Aside from making childproof guns, here are other steps we could take:

Require magazine safeties so a gun cannot be fired when the clip is removed
(people can forget that a bullet may still be in the chamber and pull the
trigger). Many guns already have magazine safeties, but not all.

Finance research to develop "smart guns," which can be fired only by
authorized users. If a cellphone can be locked with a PIN, why not a gun?
This innovation would protect children - and thwart criminals.

Start public safety campaigns urging families to keep guns locked up in a
gun safe or with a trigger lock (now, 12 to 14 percent of gun owners with
young children keep loaded and unlocked weapons in their homes).

Encourage doctors to counsel depressed patients not to keep guns, and to
advise new parents on storing firearms safely.

Make gun serial numbers harder for criminals to remove.

Create a national database for gun deaths.
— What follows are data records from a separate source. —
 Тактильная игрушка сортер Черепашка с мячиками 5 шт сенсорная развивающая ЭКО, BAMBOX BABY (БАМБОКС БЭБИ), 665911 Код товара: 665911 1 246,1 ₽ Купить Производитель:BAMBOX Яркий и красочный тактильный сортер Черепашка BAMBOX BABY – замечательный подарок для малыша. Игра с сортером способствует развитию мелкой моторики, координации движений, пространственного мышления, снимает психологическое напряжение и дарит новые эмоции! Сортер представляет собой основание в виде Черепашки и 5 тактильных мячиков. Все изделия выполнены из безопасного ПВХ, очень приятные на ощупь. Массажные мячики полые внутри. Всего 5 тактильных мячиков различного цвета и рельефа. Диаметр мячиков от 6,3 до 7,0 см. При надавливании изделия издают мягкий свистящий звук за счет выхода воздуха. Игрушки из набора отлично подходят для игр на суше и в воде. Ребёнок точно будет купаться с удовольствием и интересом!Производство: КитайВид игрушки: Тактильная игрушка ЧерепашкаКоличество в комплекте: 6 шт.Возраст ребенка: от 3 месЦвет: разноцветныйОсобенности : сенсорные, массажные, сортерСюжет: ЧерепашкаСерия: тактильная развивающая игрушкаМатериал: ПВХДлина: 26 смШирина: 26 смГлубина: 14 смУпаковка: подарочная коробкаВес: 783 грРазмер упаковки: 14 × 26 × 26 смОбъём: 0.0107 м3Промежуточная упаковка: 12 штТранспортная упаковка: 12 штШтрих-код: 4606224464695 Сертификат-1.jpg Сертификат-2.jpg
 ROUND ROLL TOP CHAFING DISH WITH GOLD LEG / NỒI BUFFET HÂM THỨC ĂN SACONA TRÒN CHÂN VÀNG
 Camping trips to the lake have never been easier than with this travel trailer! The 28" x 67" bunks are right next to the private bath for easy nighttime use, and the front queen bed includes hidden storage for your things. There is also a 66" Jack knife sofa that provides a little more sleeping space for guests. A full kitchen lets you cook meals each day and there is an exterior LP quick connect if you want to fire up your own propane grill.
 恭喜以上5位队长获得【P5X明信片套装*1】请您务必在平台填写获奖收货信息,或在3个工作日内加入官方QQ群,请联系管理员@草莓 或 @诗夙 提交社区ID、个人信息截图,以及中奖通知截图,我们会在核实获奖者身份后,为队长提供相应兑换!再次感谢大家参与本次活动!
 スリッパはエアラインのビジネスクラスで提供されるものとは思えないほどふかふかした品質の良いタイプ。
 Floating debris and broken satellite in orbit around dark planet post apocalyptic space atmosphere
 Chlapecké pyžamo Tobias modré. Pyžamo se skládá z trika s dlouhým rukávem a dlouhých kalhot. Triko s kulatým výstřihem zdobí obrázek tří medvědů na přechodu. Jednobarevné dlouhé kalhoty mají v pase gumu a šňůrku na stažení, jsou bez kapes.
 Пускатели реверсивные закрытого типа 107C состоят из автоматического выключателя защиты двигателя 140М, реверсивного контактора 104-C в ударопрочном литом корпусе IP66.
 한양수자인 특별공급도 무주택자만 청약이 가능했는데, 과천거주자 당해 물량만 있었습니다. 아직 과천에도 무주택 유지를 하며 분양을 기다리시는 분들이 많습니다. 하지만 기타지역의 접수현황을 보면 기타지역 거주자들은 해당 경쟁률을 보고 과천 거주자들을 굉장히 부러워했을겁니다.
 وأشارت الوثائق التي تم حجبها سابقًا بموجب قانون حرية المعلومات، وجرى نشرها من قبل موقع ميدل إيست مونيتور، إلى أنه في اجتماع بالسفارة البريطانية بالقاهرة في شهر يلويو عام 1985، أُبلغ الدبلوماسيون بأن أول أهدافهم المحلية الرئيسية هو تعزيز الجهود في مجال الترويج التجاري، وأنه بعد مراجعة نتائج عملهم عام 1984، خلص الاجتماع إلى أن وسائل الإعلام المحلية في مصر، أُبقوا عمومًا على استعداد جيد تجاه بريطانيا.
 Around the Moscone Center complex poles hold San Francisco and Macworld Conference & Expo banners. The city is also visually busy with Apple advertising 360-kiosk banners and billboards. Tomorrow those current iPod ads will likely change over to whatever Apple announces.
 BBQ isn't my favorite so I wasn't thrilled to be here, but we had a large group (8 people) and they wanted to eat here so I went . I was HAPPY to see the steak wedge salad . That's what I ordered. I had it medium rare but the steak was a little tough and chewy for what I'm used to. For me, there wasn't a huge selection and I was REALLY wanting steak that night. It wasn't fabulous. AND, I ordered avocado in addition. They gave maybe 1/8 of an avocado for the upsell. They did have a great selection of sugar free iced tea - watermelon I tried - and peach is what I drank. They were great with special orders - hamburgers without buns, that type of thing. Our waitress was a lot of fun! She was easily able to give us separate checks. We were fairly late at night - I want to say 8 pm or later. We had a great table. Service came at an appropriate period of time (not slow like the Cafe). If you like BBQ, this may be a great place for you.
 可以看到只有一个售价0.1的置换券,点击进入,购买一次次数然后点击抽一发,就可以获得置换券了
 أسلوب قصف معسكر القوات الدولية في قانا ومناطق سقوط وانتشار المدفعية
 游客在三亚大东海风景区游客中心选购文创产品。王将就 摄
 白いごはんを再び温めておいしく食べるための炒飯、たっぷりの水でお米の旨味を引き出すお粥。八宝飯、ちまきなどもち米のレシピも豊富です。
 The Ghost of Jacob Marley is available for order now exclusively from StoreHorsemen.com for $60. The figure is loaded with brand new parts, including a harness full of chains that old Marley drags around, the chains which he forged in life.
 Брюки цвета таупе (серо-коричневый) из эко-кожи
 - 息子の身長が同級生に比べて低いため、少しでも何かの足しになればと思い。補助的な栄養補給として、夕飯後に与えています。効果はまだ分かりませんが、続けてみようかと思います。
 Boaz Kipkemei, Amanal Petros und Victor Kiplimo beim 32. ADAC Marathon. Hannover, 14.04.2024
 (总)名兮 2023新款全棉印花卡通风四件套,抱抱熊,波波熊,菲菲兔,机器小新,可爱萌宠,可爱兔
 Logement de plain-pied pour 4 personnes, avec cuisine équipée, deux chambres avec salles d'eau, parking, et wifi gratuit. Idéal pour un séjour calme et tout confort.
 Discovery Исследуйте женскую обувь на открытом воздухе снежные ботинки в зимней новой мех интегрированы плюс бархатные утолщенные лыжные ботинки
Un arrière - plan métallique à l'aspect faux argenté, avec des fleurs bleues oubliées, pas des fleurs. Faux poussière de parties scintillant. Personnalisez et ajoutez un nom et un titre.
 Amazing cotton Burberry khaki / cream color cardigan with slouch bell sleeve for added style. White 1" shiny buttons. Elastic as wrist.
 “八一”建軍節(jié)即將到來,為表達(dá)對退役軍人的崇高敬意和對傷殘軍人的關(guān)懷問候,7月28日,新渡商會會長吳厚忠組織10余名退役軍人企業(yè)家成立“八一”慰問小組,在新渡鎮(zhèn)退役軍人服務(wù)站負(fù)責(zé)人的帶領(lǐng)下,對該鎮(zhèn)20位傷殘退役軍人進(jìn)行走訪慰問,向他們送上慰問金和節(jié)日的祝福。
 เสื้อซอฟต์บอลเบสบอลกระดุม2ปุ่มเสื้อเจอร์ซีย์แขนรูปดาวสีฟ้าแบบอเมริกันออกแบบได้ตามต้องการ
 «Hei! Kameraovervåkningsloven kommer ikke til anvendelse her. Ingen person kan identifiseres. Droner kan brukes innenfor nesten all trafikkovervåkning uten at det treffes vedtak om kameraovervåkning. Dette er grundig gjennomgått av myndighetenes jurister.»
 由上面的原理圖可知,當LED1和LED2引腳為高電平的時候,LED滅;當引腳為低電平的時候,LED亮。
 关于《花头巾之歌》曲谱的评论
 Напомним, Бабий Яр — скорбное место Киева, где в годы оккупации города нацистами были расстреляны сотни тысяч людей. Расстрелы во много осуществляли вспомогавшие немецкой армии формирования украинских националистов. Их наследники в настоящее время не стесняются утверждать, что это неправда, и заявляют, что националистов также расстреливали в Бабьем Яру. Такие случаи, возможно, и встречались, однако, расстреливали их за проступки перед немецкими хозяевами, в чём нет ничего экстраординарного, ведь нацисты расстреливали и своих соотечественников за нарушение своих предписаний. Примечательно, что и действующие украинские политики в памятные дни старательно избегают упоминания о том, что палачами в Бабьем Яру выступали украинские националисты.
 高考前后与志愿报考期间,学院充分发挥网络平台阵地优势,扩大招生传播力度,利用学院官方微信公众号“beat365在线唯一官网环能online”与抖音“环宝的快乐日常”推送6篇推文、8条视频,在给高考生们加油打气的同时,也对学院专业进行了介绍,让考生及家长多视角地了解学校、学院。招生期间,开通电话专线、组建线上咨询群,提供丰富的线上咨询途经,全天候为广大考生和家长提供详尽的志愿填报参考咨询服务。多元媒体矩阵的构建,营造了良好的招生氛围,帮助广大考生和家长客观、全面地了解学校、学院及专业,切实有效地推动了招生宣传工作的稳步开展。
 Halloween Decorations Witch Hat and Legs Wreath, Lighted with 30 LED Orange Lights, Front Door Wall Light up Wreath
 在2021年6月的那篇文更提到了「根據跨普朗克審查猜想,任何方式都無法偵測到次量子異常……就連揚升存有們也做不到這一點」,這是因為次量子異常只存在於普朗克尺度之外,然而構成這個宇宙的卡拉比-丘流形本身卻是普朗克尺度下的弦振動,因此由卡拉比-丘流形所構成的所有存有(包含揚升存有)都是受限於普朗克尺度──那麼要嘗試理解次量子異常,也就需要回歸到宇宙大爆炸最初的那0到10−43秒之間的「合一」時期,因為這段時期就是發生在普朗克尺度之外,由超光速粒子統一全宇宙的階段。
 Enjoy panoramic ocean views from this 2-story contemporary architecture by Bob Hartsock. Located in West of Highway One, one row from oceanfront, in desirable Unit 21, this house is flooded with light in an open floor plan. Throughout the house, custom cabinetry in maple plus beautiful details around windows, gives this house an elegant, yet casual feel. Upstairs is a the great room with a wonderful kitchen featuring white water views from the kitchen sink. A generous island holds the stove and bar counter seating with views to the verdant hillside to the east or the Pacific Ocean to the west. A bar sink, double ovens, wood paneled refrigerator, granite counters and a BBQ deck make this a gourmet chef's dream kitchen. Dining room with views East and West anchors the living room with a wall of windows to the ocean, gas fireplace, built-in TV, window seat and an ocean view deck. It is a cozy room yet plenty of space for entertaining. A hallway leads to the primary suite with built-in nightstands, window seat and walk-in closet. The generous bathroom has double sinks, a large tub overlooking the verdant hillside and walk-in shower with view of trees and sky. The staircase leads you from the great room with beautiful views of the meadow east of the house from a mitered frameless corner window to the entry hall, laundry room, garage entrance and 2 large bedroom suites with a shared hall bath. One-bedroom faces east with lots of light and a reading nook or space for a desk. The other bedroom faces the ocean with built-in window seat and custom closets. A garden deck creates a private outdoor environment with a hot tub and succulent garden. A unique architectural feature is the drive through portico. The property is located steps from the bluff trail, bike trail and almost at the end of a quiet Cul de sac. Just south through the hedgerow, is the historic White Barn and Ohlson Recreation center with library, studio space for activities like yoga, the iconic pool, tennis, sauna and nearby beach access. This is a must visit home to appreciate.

In a traffic fatality, 120 bits
of data are collected, like the positions of the passengers and the local
speed limit, so we now understand what works well (air bags, no "right on
red") and what doesn't (driver safety courses). Statistics on gun violence
are much flimsier, so we don't know what policies would work best, and much
of the data hurled by rival camps at each other is inaccurate.

Would these steps fly politically? Maybe. One poll showed that 88 percent of
the public favors requiring that guns be childproof. And such measures
demonstrate the kind of fresh thinking that can keep alive not only
thousands of Americans, but the Democratic Party as well.